Repeat the data that follows exactly, starting at the line with "ich hab mich" and ending at the line with "先生達の出し物の最後を締めく", and leave out every picture.

Collection entries
= = = = =
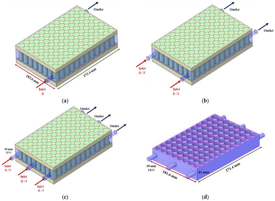 This study analyzed the cooling performance of the battery using ANSYS Fluent 2021 R2 [32]. Figure 1 shows a battery module model and fluid volume for analysis according to the change in the number of ports of the working fluid in the battery module. In this study, the cooling performance was studied by changing the number of inlet and outlet ports of the battery module to 1, 2, and 3. The battery model used for the analysis was a cylindrical 21700 battery, which has a capacity of 4.95 Ah and was designed with a total number of 96. The battery module in Figure 1 was designed to have a battery size of 21 mm (D) × 70 mm (H), a battery holder size of 181.6 mm (L) × 276.4 mm (W) × 14.5 mm (H), and a battery cooling block size of 183.6 mm (L) × 273.4 mm (W) × 72 mm (H). The gap between the batteries is maintained at 1.2 mm. For the analysis under the same flow conditions, the flow rate flowing into each port was designed as in Figure 1a, and the flow rate entering from Figure 1b,c to each port was designed as /2 and /3 of the flow rate flowing into in Figure 1a, respectively, to perform the analysis. Figure 1d shows the volume of fluid flowing through the battery cooling block in the model with three ports. In addition, Table 1 shows the thermal properties of each component of the battery module applied in this study.
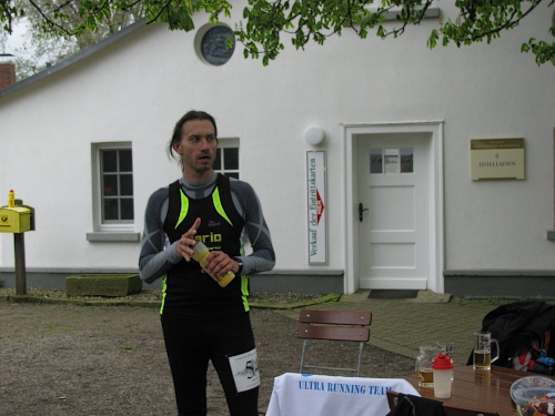 Er fuhr fort: "...aber wir küren ja nicht nur den schnellsten Mann, sondern auch die flinkeste Frau. Gabi Winck ist als Achtplatzierte mit 3:48:35 ins Ziel gelaufen. Kommst Du bitte nach vorn, Gabi?", grinste er und überreichte diesen in beharrlicher Handarbeit gefertigten Preis der staunenden Gabi.
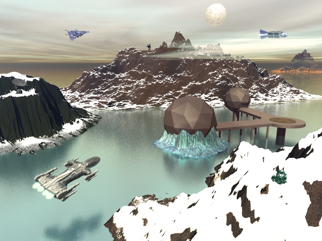 ich hab mich nun zum ersten Mal an ein spaciges Thema rangetraut. Dabei hab ich mich, bis auf das Raumschiff, auf die Standardobjekte die im Bryce enthalten sind beschränkt. Wollte mal sehen was sich damit so anstellen lässt.
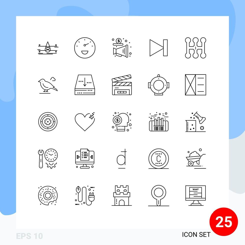 25 Universal Lines Set for Web and Mobile Applications manual next advertising last end Editable Vector Design Elements Free Vector
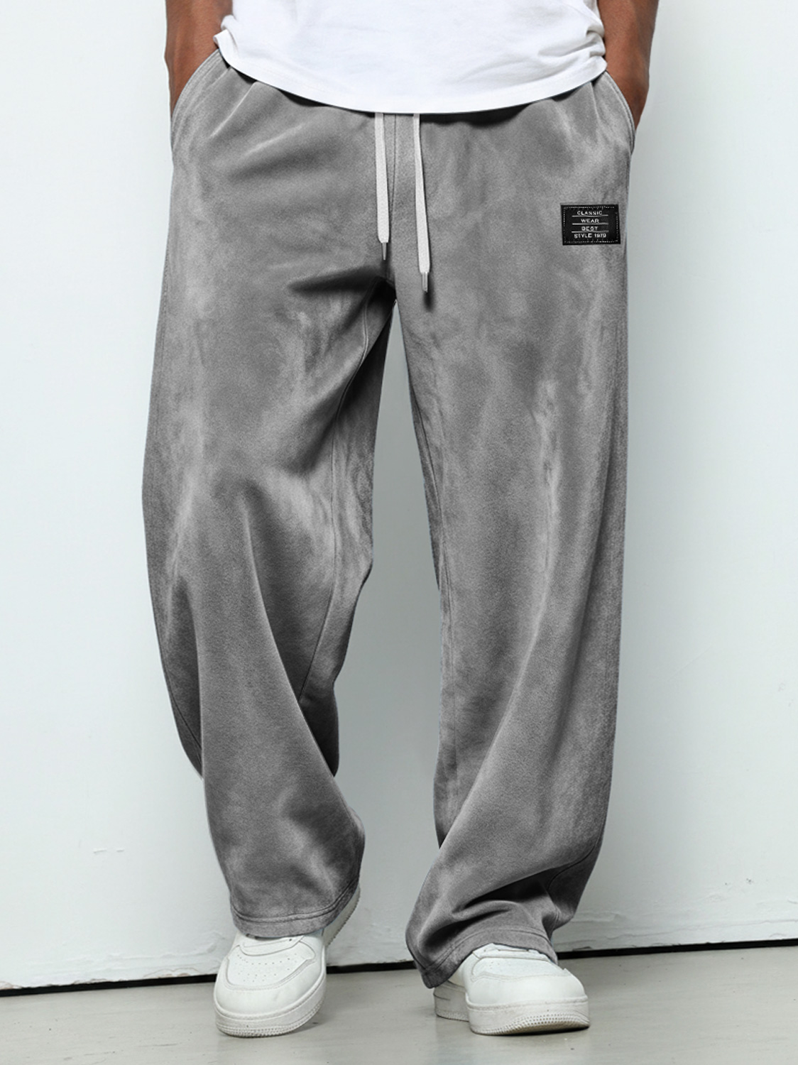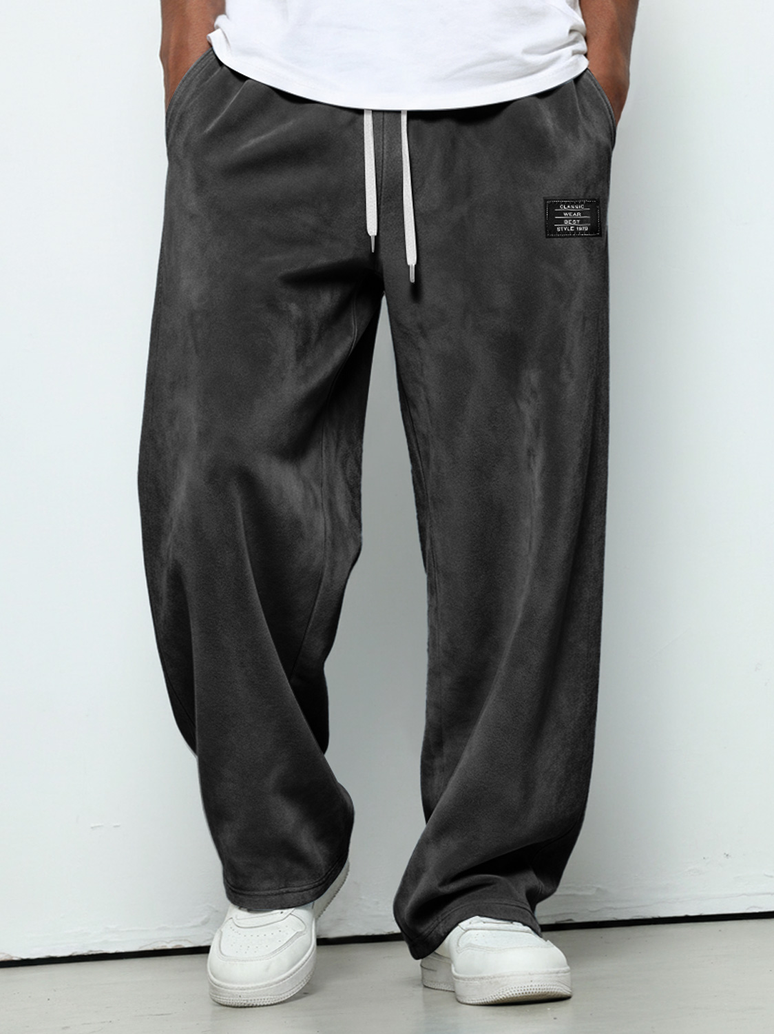 Men's Simple Suede Embroidered Logo Loose Solid Color Trousers
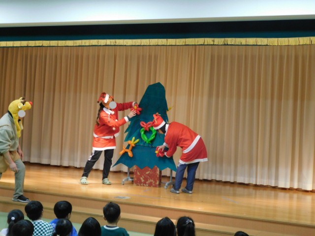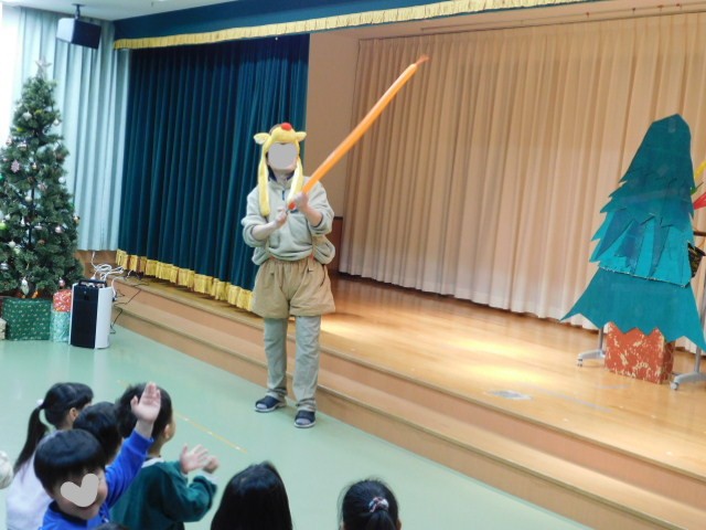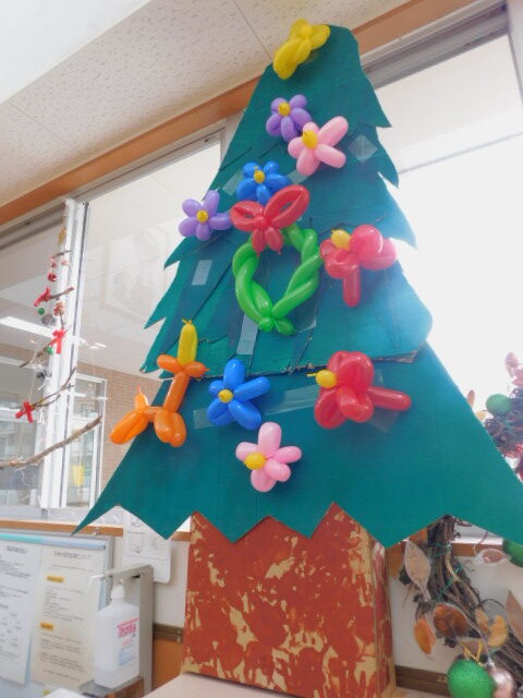 先生達の出し物の最後を締めくくるのは、アートバルーンです。ペンシルバルーンで、トナカイやリースなど、クリスマスに関するバルーンを作ったり、バルーンのお花をたくさんクリスマスツリーに飾り付け、ステキなアートバルーンのクリスマスツリーが完成しました!
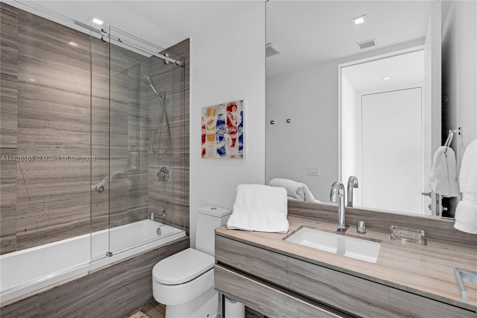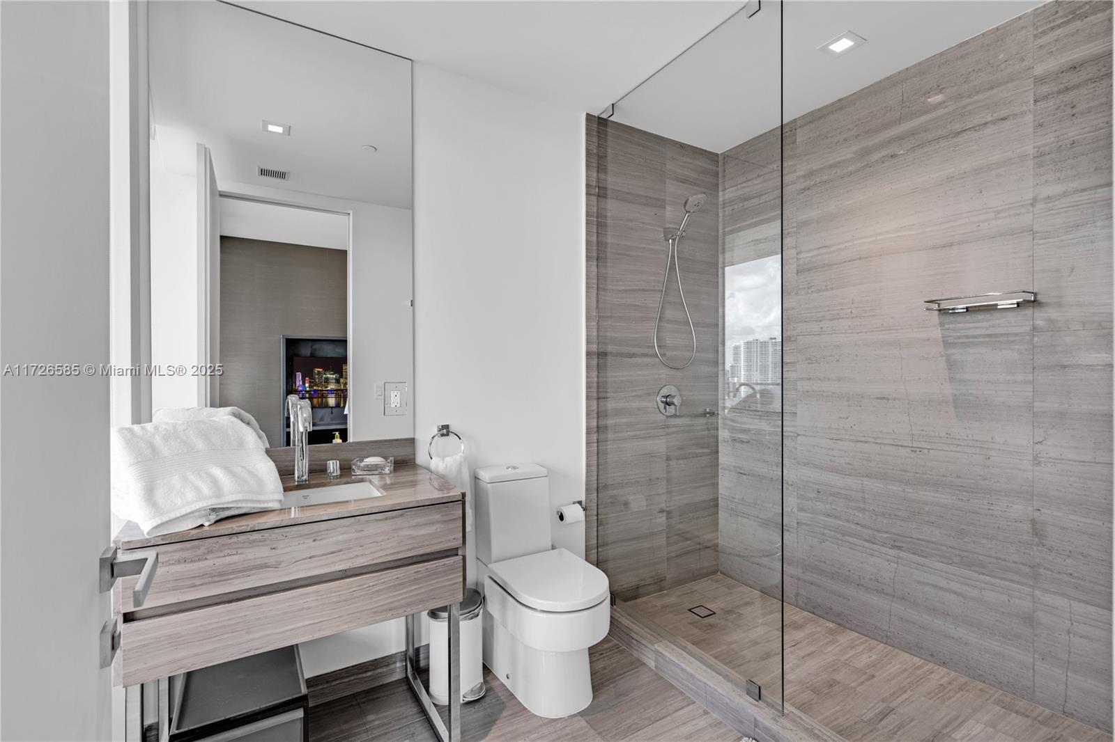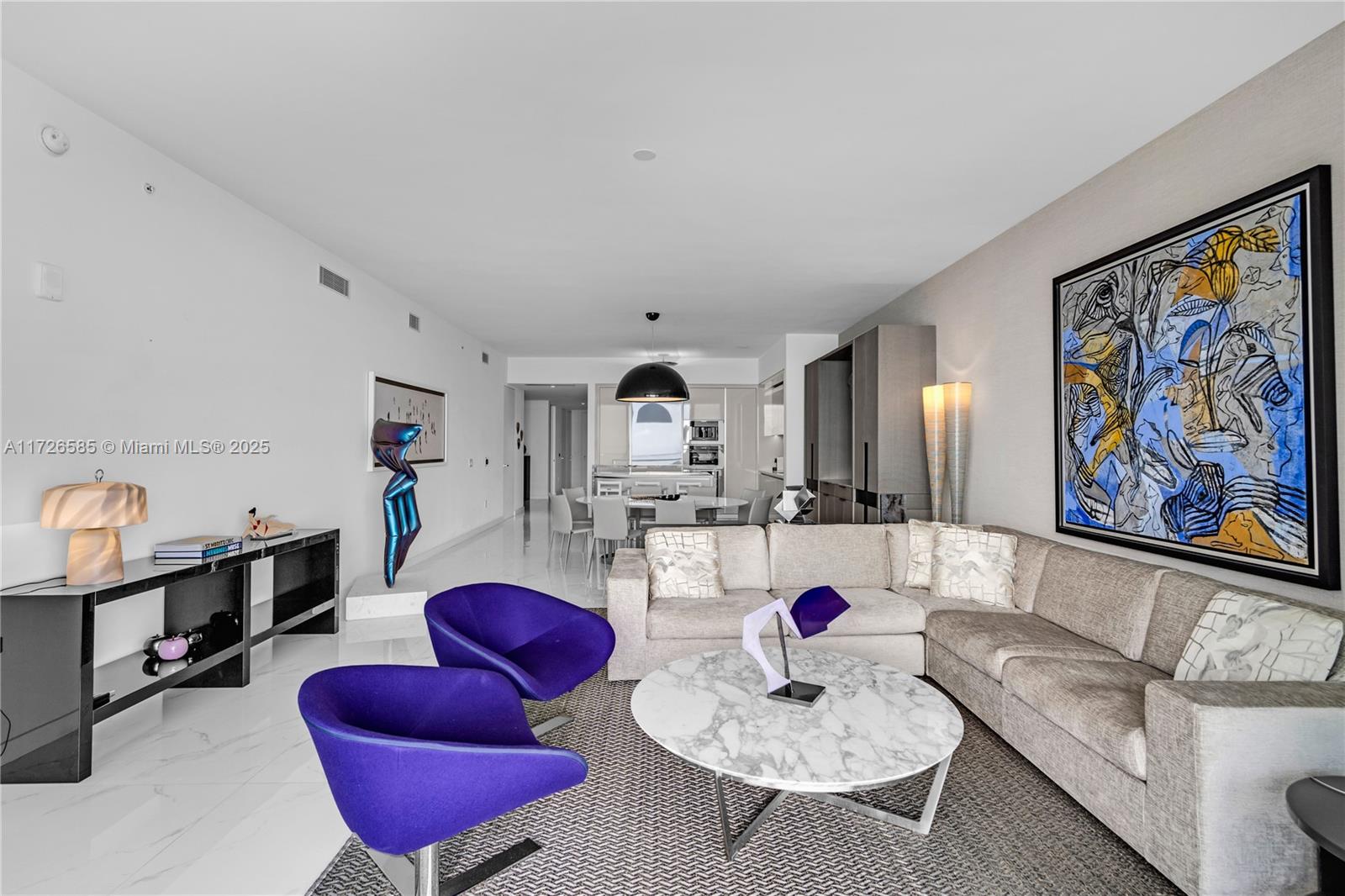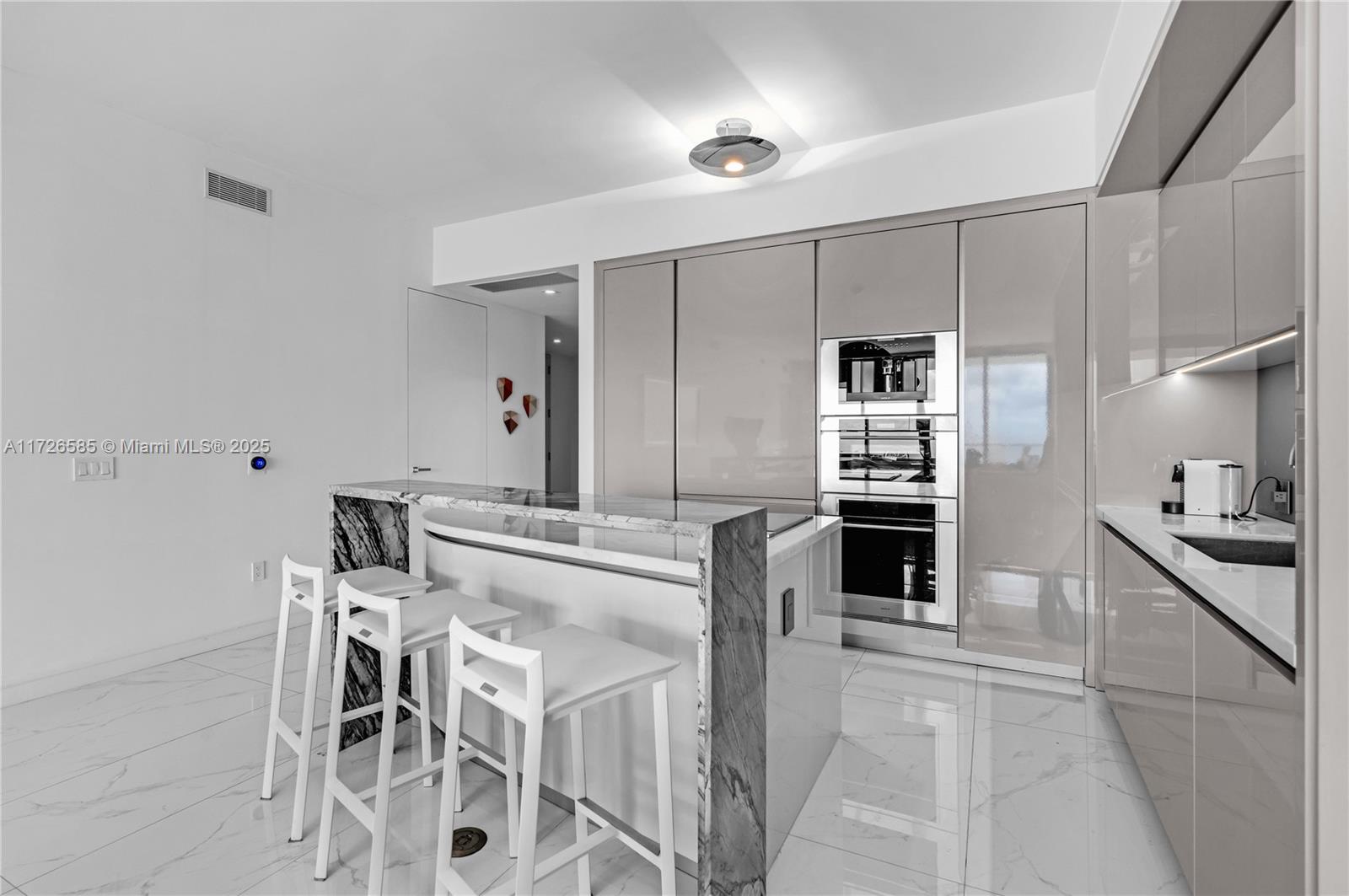 Exquisite, fully furnished by renowned interior designer, flow-through unit at the exclusive beachfront Armani Casa. Private elevator leads you to this spectacular 3BR + Den, Staff quarters and 5.5 baths. Floor-to-ceiling windows and expansive terraces throughout encompass beautiful direct East and West views with built-in summer kitchen on the beach side. Blackout and sheer shades in bedrooms and custom-built closets. Armani Casa features state-of-the-art amenities such as restaurants, bar, beachfront pool, business center, spa, fitness center, theater room, cigar and wine room, children's play area, security, concierge, and valet parking. SHORT TERM RENTAL ONLY
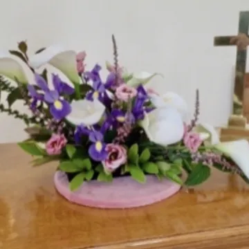 Church members take turns to provide flower arrangements such as these.
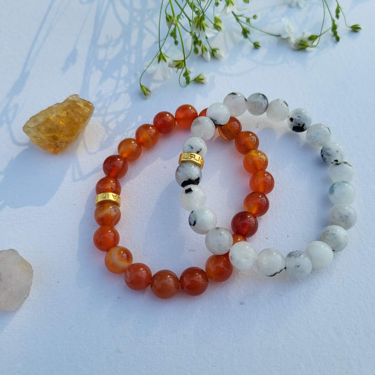Bracelet Set for Reproductive Health or PCOD - Moonstone and Carnelian
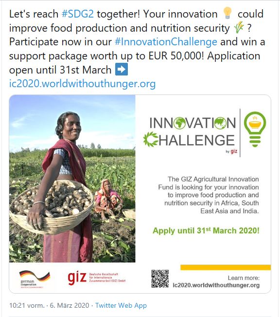 Soziale Medien, wie hier ein Beitrag der GIZ auf Twitter, standen im Fokus der Kommunikations-strategie der Innovation Challenge; Ziel war es, besonders auch Frauen mit dem Ideenwettbe-werb anzusprechen.
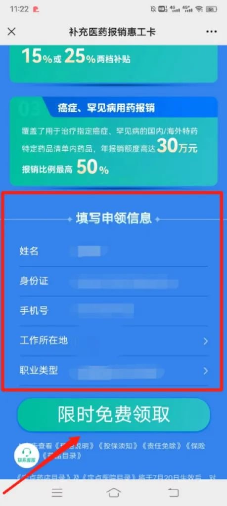 5.页面下滑至填写申领信息页面并按要求填写后点击“限时免费领取”。
= = = = =
> Result of this exercise
 ich hab mich nun zum ersten Mal an ein spaciges Thema rangetraut. Dabei hab ich mich, bis auf das Raumschiff, auf die Standardobjekte die im Bryce enthalten sind beschränkt. Wollte mal sehen was sich damit so anstellen lässt.
 25 Universal Lines Set for Web and Mobile Applications manual next advertising last end Editable Vector Design Elements Free Vector
 Men's Simple Suede Embroidered Logo Loose Solid Color Trousers
 先生達の出し物の最後を締めくくるのは、アートバルーンです。ペンシルバルーンで、トナカイやリースなど、クリスマスに関するバルーンを作ったり、バルーンのお花をたくさんクリスマスツリーに飾り付け、ステキなアートバルーンのクリスマスツリーが完成しました!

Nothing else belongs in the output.